Network Working Group                               Vishnu Pavan Beeram
 Internet Draft                                         Juniper Networks
 Intended status: Informational                                Ina Minei
                                                             Google, Inc
                                                           Yakov Rekhter
                                                        Juniper Networks
                                                             Ebben Aries
                                                                Facebook
                                                           Dante Pacella
                                                                 Verizon
 
 Expires: September 07, 2015                              March 07, 2015
 
 
                    RSVP-TE Scalability - Recommendations
                    draft-beeram-mpls-rsvp-te-scaling-00
 
 
 Status of this Memo
 
    This Internet-Draft is submitted in full conformance with the
    provisions of BCP 78 and BCP 79.
 
    Internet-Drafts are working documents of the Internet Engineering
    Task Force (IETF), its areas, and its working groups.  Note that
    other groups may also distribute working documents as Internet-
    Drafts.
 
    Internet-Drafts are draft documents valid for a maximum of six
    months and may be updated, replaced, or obsoleted by other documents
    at any time.  It is inappropriate to use Internet-Drafts as
    reference material or to cite them other than as "work in progress."
 
    The list of current Internet-Drafts can be accessed at
    http://www.ietf.org/ietf/1id-abstracts.txt
 
    The list of Internet-Draft Shadow Directories can be accessed at
    http://www.ietf.org/shadow.html
 
    This Internet-Draft will expire on September 07, 2015.
 
 Copyright Notice
 
    Copyright (c) 2015 IETF Trust and the persons identified as the
    document authors. All rights reserved.
 
    This document is subject to BCP 78 and the IETF Trust's Legal
    Provisions Relating to IETF Documents
 
 
 
 
 
 Beeram, et al         Expires September 07, 2015               [Page 1]
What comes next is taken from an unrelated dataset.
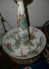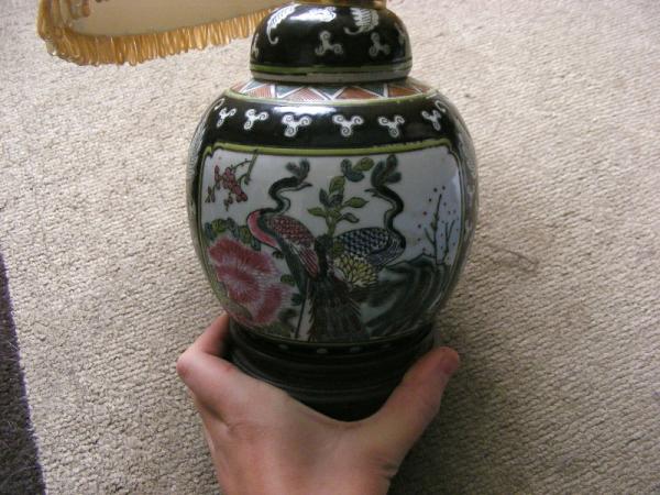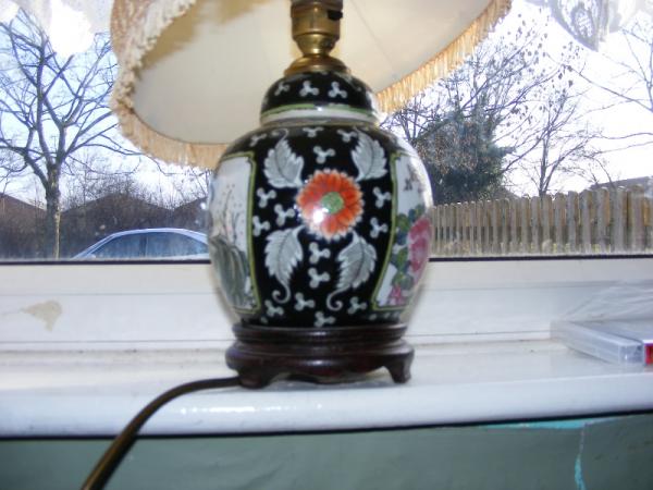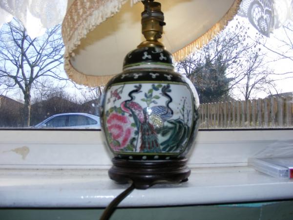 it seems to be a jar of sorts that has been turned into a lamp.it has a lid on the top.it has a wooden base that it stands on.it comes with a lamp shade but am unsure if it is the original lamp shade.the lamp does work.
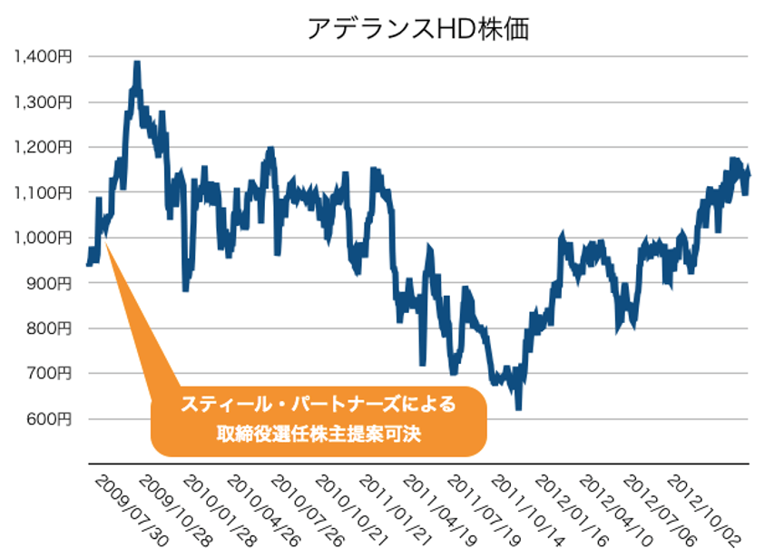2009年5月、アメリカの投資会社スティール・パートナーズは、アデランス(現在は非上場)に対して、自社の推す取締役8人の選任を求める株主提案を行いました。

 Internet-Draft     Network Assigned Upstream Label           March 2015
 
 
    (http://trustee.ietf.org/license-info) in effect on the date of
    publication of this document. Please review these documents
    carefully, as they describe your rights and restrictions with
    respect to this document.  Code Components extracted from this
    document must include Simplified BSD License text as described in
    Section 4.e of the Trust Legal Provisions and are provided without
    warranty as described in the Simplified BSD License.
 
 Abstract
 
    RSVP-TE [RFC3209] describes the use of standard RSVP [RFC2205] to
    establish Label Switched Paths (LSPs). As such, RSVP-TE inherited
    some properties of RSVP that adversely affect its control plane
    scalability. Specifically these properties are (a) reliance on
    periodic refreshes for state synchronization between RSVP neighbors
    and for recovery from lost RSVP messages, (b) reliance on refresh
    timeout for stale state cleanup, and (c) lack of any mechanisms by
    which a receiver of RSVP messages can apply back pressure to the
    sender(s) of these messages.
 
    Subsequent to [RFC2205] and [RFC3209] further enhancements to RSVP
    and RSVP-TE have been developed. In this document we describe how an
    implementation of RSVP-TE can use these enhancements to address the
    above mentioned properties to improve RSVP-TE control plane
    scalability.
 
 Conventions used in this document
 
    The key words "MUST", "MUST NOT", "REQUIRED", "SHALL", "SHALL NOT",
    "SHOULD", "SHOULD NOT", "RECOMMENDED", "MAY", and "OPTIONAL" in this
    document are to be interpreted as described in RFC-2119 [RFC2119].
 
 
 Table of Contents
 
    1. Introduction...................................................3
       1.1. Reliance on refreshes and refresh timeouts................3
       1.2. Lack of back pressure.....................................4
    2. Recommendations................................................5
       2.1. Eliminating reliance on refreshes and refresh timeouts....5
       2.2. Providing the ability to apply back pressure..............6
       2.3. Making Acknowledgements mandatory.........................6
       2.4. Clarifications on reaching Rapid Retry Limit (Rl).........7
       2.5. Avoiding use of Router Alert IP Option....................7
       2.6. Checking Data Plane readiness.............................8
    3. Security Considerations........................................8
 
 
 
 Beeram, et al         Expires September 07, 2015               [Page 2]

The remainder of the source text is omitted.